## [Work required]
Retype the listing below line for line, but only from the line with "Σύριζα το νέο, Μεταλλικό" down to the line with "The friendship of", inclusive. Pictures stay out.
──────── Data to examine
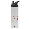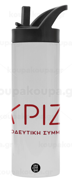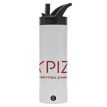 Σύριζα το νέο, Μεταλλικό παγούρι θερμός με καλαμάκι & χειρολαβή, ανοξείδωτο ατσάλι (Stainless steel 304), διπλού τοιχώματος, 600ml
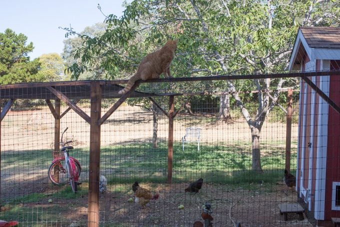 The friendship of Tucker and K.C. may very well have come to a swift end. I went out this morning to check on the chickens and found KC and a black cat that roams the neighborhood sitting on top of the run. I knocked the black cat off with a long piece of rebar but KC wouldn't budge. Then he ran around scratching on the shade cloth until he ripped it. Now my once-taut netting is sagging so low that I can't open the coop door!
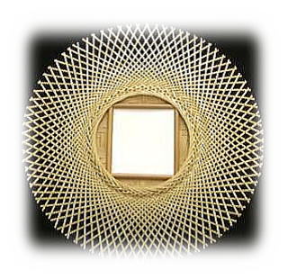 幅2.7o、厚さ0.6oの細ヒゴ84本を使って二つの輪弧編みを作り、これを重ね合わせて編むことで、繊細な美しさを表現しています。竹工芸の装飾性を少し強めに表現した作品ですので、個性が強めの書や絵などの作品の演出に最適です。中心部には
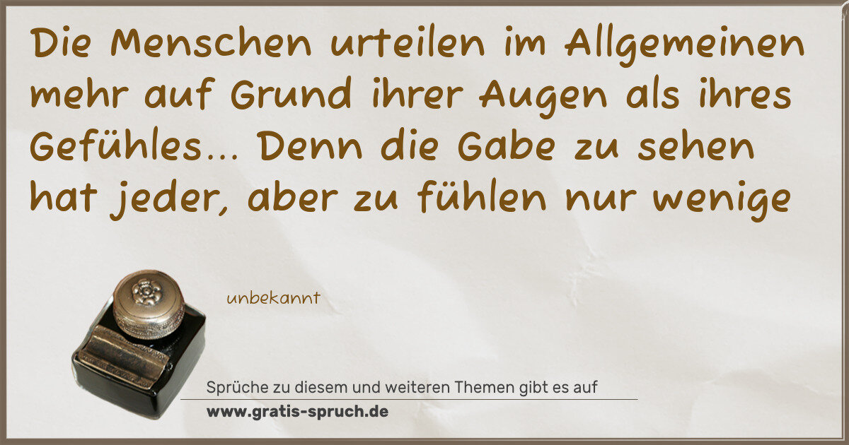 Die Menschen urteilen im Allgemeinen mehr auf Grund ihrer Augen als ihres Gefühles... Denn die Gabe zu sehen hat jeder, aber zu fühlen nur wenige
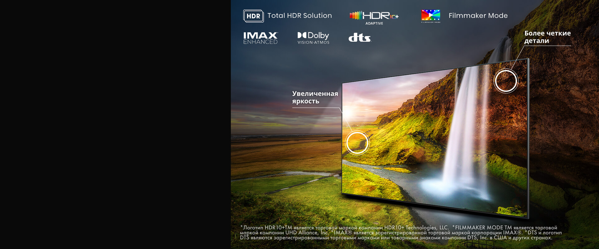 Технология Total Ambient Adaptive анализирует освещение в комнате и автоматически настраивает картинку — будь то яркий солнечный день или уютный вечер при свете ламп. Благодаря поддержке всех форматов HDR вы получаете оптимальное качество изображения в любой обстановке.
────────────────
──────── Data to examine
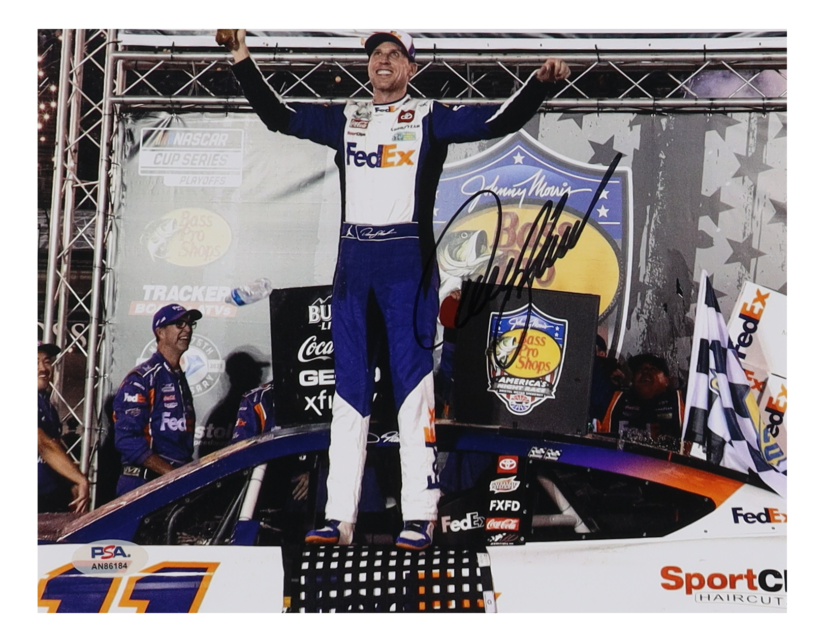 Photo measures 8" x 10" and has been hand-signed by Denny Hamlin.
────────────────
## [Exercise solution]
 Σύριζα το νέο, Μεταλλικό παγούρι θερμός με καλαμάκι & χειρολαβή, ανοξείδωτο ατσάλι (Stainless steel 304), διπλού τοιχώματος, 600ml
 The friendship of Tucker and K.C. may very well have come to a swift end. I went out this morning to check on the chickens and found KC and a black cat that roams the neighborhood sitting on top of the run. I knocked the black cat off with a long piece of rebar but KC wouldn't budge. Then he ran around scratching on the shade cloth until he ripped it. Now my once-taut netting is sagging so low that I can't open the coop door!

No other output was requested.